Harnessing the Heat: Nature’s Fiery Solution to Pain
Kaitlin Raskin
Illustrations by Mischa Landgarten & Iris Li
Millions of years of evolution have led chili pepper plants from Central and South America to possess a clever pain-inducing mechanism that deters pesky animals from eating them [1]. However, one species simply hasn’t gotten the hint: humans. They chewed on the fruit of the chili pepper plant and, despite feeling pain, they enjoyed it. Humans have since harnessed the plant’s active spicy ingredient, capsaicin, for culinary and medicinal purposes. Capsaicin naturally occurs in plants in the genus Capsicum, playing an important role in seed germination and protection from parasites since aversion to consuming capsaicin typically deters animals from eating Capsicum plants [1]. Besides its notable utility in the culinary world, capsaicin is also found in self-defense products such as pepper spray and has been traditionally used in medicine to relieve coughs and sore throats [2]. The interaction between capsaicin and the nervous system not only influences physiological responses to spicy food but also offers potential for pain relief [3, 4]. Hence, capsaicin is a promising alternative for treating chronic pain conditions, especially given the limited effectiveness and adverse side effects of many current pain medications [4, 5, 6].
Why is it spicy?
When we eat spicy food, capsaicin molecules bind to and activate cell receptors responsible for receiving and processing pain signals [7]. Specifically, capsaicin activates transient receptor potential vanilloid 1 (TRPV1) receptors, which are found in nociceptive, or pain-sensing, neurons located in areas like the mouth, tongue, and skin [7, 8]. TRPV1 receptors are also activated by hot foods and beverages, linking the experiences of eating hot and spicy food [7]. When capsaicin binds to TRPV1 receptors, the molecule causes nociceptive neurons to fire, triggering the release of substance P and other pain-related signaling molecules from sensory nerve endings [9]. The signaling molecules travel through the body, relaying the pain signal to other neurons and eventually reaching the brain [1].
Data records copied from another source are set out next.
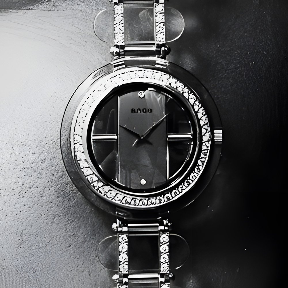 This watch for men is highly original. The bracelet features a 18-karat yellow-gold structure with sapphire motifs. The case, in yellow gold mounted on sapphire, is water-resistant to a depth of 30 meters. Bezel and bracelet structure set with 152 diamonds. Gold dial. (RADO)
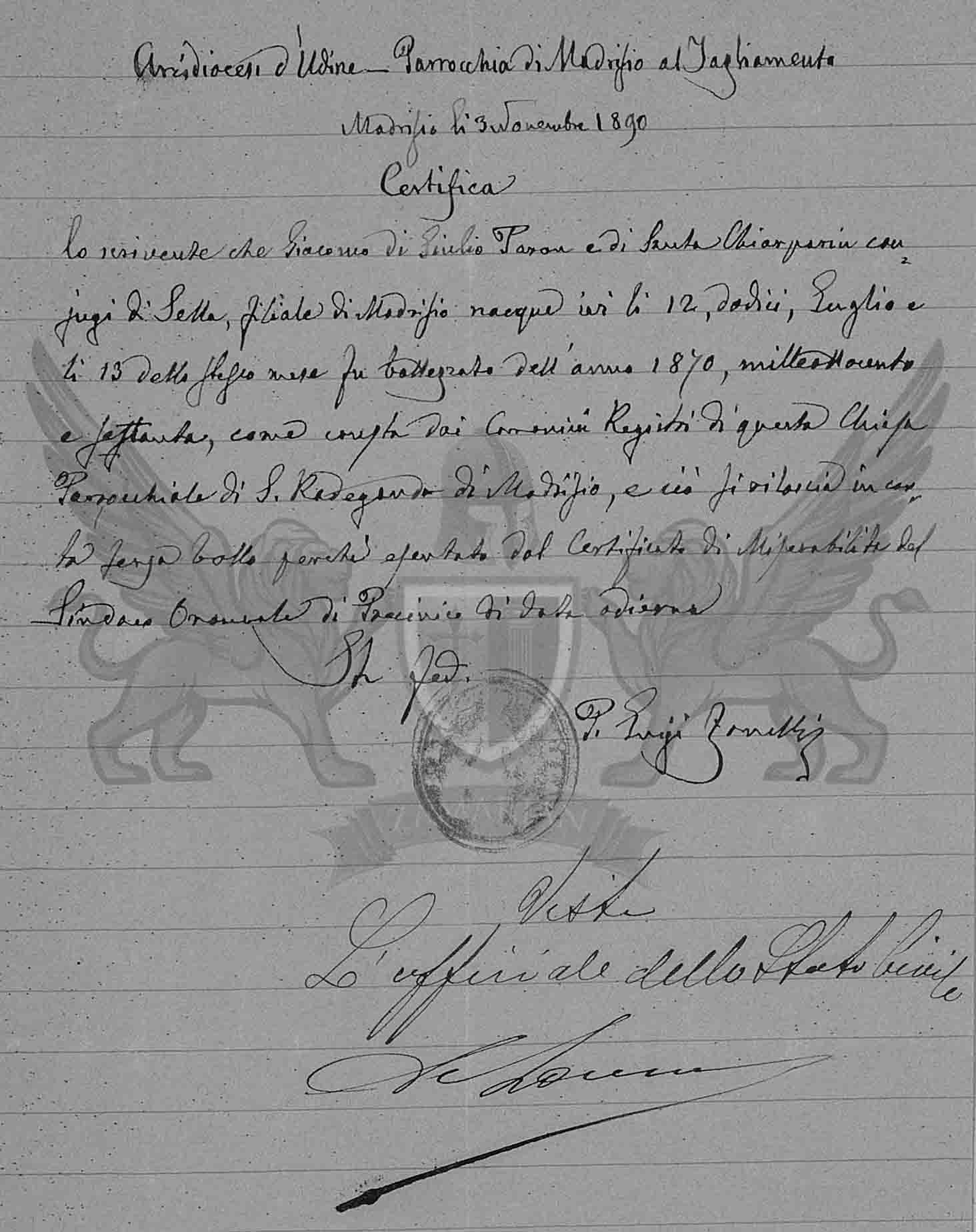 O escrevente que Giacomo filho de Giulio Paron e de Santa Chiarparin cônjuges de Sella, filial de Madrisio nasce no dia 12, doze, de Julho e 13 do mesmo mês foi batizado do ano 1870, mil oitocentos e setenta, como consta dos Canônicos Registros desta Igreja Paroquial de Santa Radagonda de Madrisio, e isto se emite em papel sem franquia pelo atestado através do Certificado de Miserabilidade do Síndico Honorável de Precenicco em data ordena.
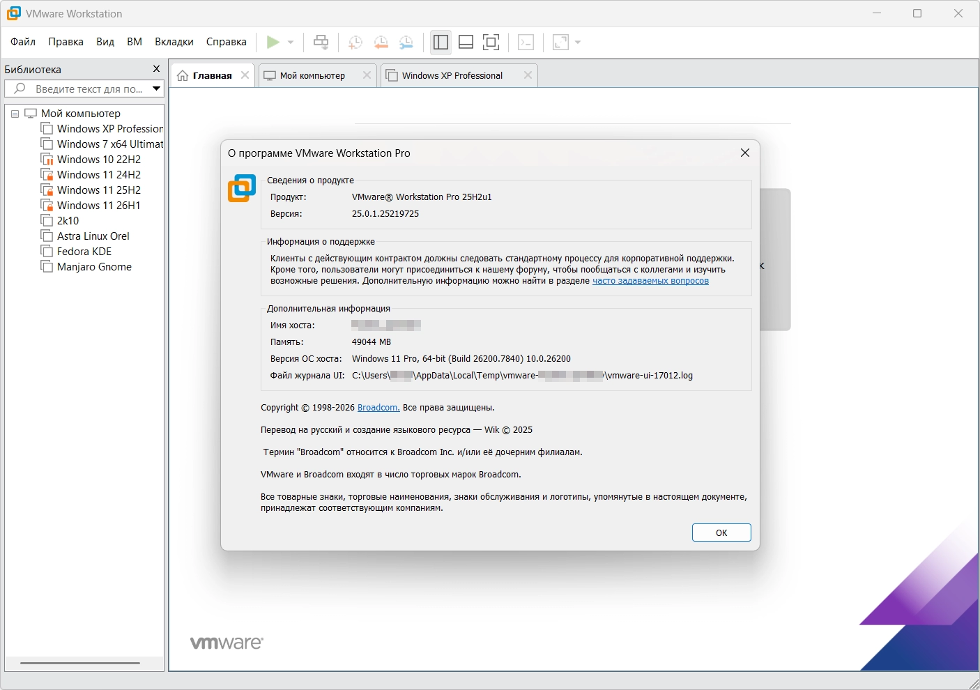 Виртуальный компьютер в системе VMware Workstation Pro 25H2u1 25.0.1.25219725 by KpoJIuK
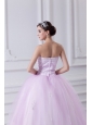 Home >  Quinceanera Dresses >  Luxurious Quinceanera Dresses > Cute Ball Gown Strapless Beading and Appliques Tulle Baby Pink Quinceanera Dress
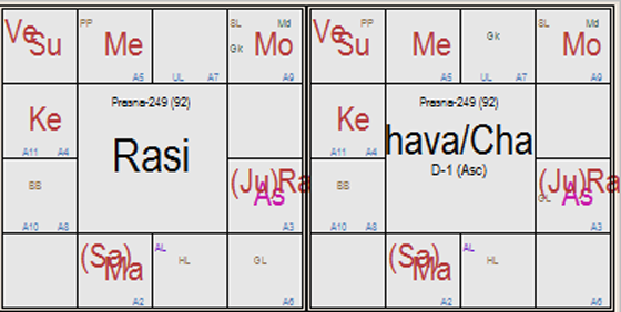 Here the sub lord of 6th house is Mars, he is in 4th house in the star of Saturn and sub division of Rahu. Saturn is in 4th house whereas Rahu is in 1st house in the star of Venus in 8th house. Therefore Mars is strong for 4-8 houses.

Through the pain-signaling cascade, capsaicin stimulates the autonomic nervous system, which is constantly regulating essential bodily functions, such as heart rate and breathing [10, 11]. Capsaicin triggers the ‘fight or flight’ response from the sympathetic nervous system (SNS), a branch of the autonomic nervous system that helps the body respond to stressful stimuli [11]. When eating a seemingly harmless taco on Taco Tuesday, a jalapeño may activate your SNS, leading to increased heart rate, perspiration, and a burning pain sensation in your mouth [12]. Since capsaicin and hot food activate heat and pain-sensing TRPV1 receptors, both stimuli can trick the nervous system into thinking the body is overheating [13]. Like putting out a fire, the brain relays signals to the body to activate bodily cooling mechanisms [10, 14, 15]. Autonomic responses like increased sweating, salivation, and blood flow can occur as a result of the jalapeño [10, 14, 15]. Physiological responses to the pain-signaling cascade may consequently lead you to try to reduce the pain and alleviate these symptoms [10, 14]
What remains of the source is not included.